TASK DIRECTIONS
With the pictures omitted, please transcribe exactly the lines beginning at the one that contains "渗透率/10-3 μm2 |" and ending with the last line of the records below.

RECORDS SUPPLIED
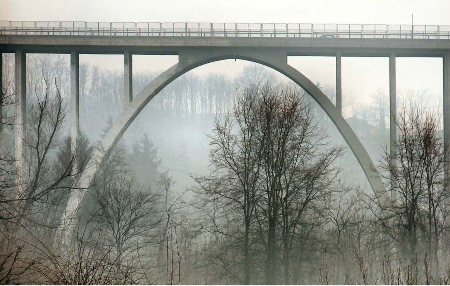 Και στη γεφυροποιία, η χρήση του λίθου εγκαταλείπεται σταδιακά, ωστόσο η στατική μορφή του τόξου, που συνδέθηκε κατ’ εξοχήν με τη λίθινη οικοδομική, συνεχίζει να επικρατεί μέσω του νέου υλικού. Το σκυρόδεμα εμφανίζει εξίσου μεγάλες αντοχές έναντι θλίψεως, γεγονός που το καθιστά κατάλληλο για την εν λόγω γεωμετρία.
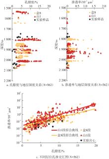 | 层位 | 样品编号 | 实验类别 | 深度/m | 孔隙度/% | 渗透率/10-3 μm2 |
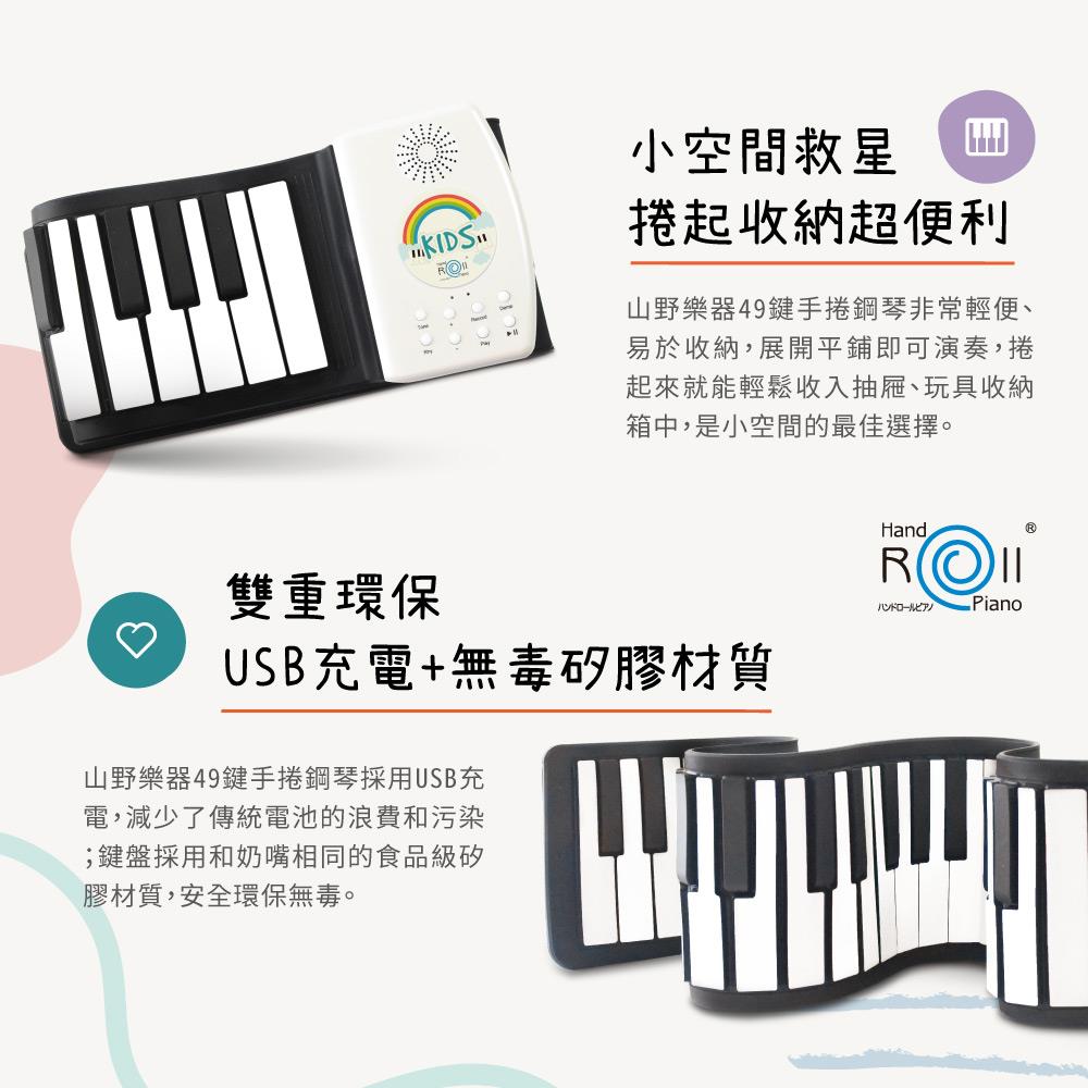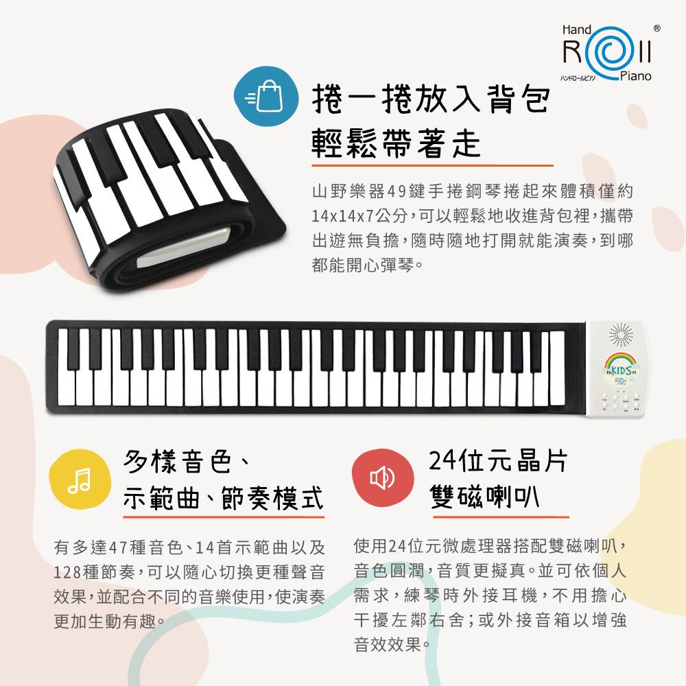 【山野樂器】49鍵兒童手捲鋼琴 USB迷你電子琴
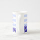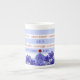 The Flower-of-the-Month and Birthstone for July on a striped mug. The flower and gem pair for July is the Delphinium and the Ruby. The mug has the meaning of the flower-of-the-month and birthstone. Add an optional monogramme - or delete that detail altogether.
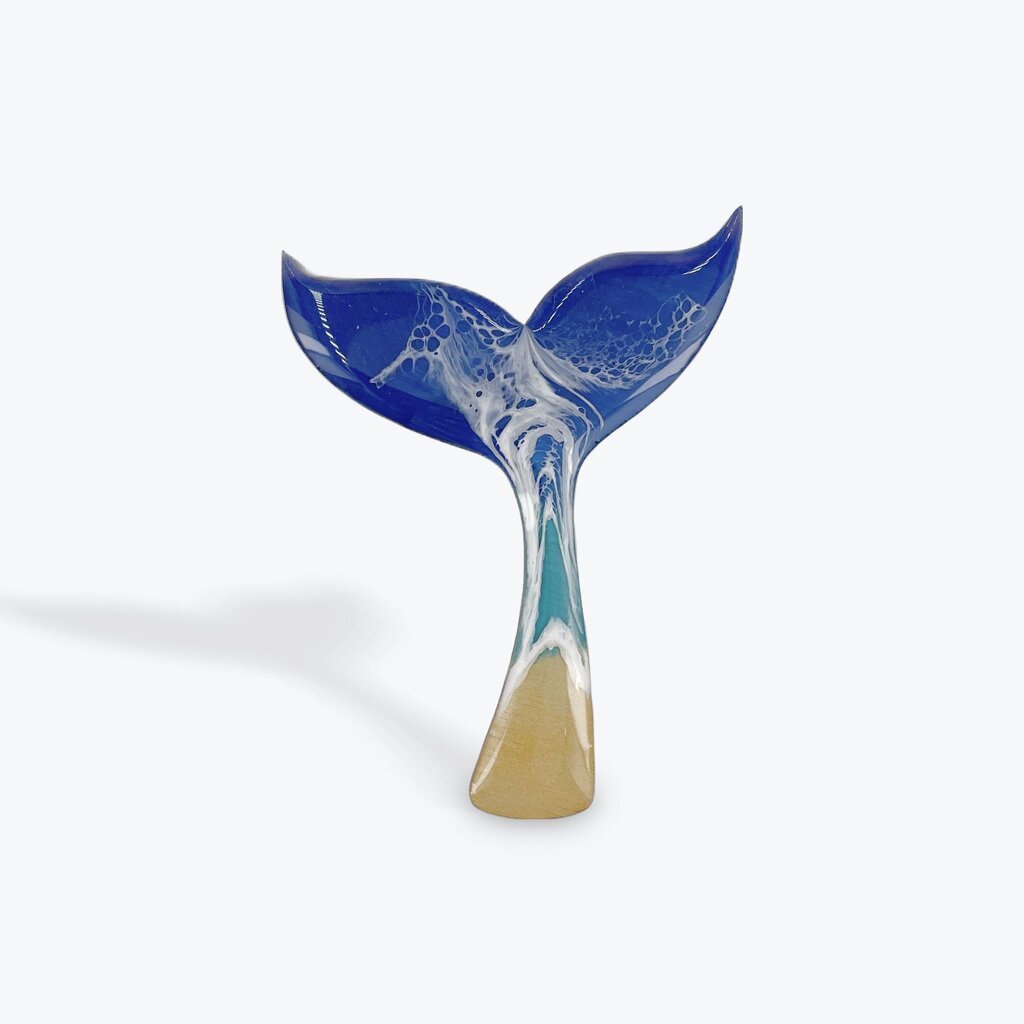 Appx 3" whale tail shaped wood and resin refrigerator magnet. Coloration will vary
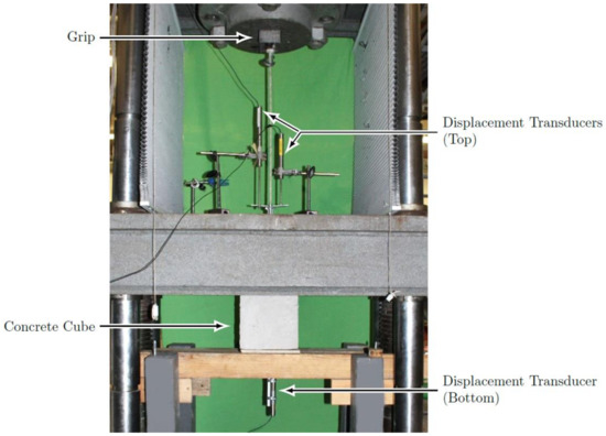 - ASTM International. ASTM C39—Standard Test Method for Compressive Strength of Cylindrical Concrete Specimens; ASTM International: West Conshohocken, PA, USA, 2016. [Google Scholar] [CrossRef]

EXERCISE RESPONSE
 | 层位 | 样品编号 | 实验类别 | 深度/m | 孔隙度/% | 渗透率/10-3 μm2 |
 【山野樂器】49鍵兒童手捲鋼琴 USB迷你電子琴
 The Flower-of-the-Month and Birthstone for July on a striped mug. The flower and gem pair for July is the Delphinium and the Ruby. The mug has the meaning of the flower-of-the-month and birthstone. Add an optional monogramme - or delete that detail altogether.
 Appx 3" whale tail shaped wood and resin refrigerator magnet. Coloration will vary
 - ASTM International. ASTM C39—Standard Test Method for Compressive Strength of Cylindrical Concrete Specimens; ASTM International: West Conshohocken, PA, USA, 2016. [Google Scholar] [CrossRef]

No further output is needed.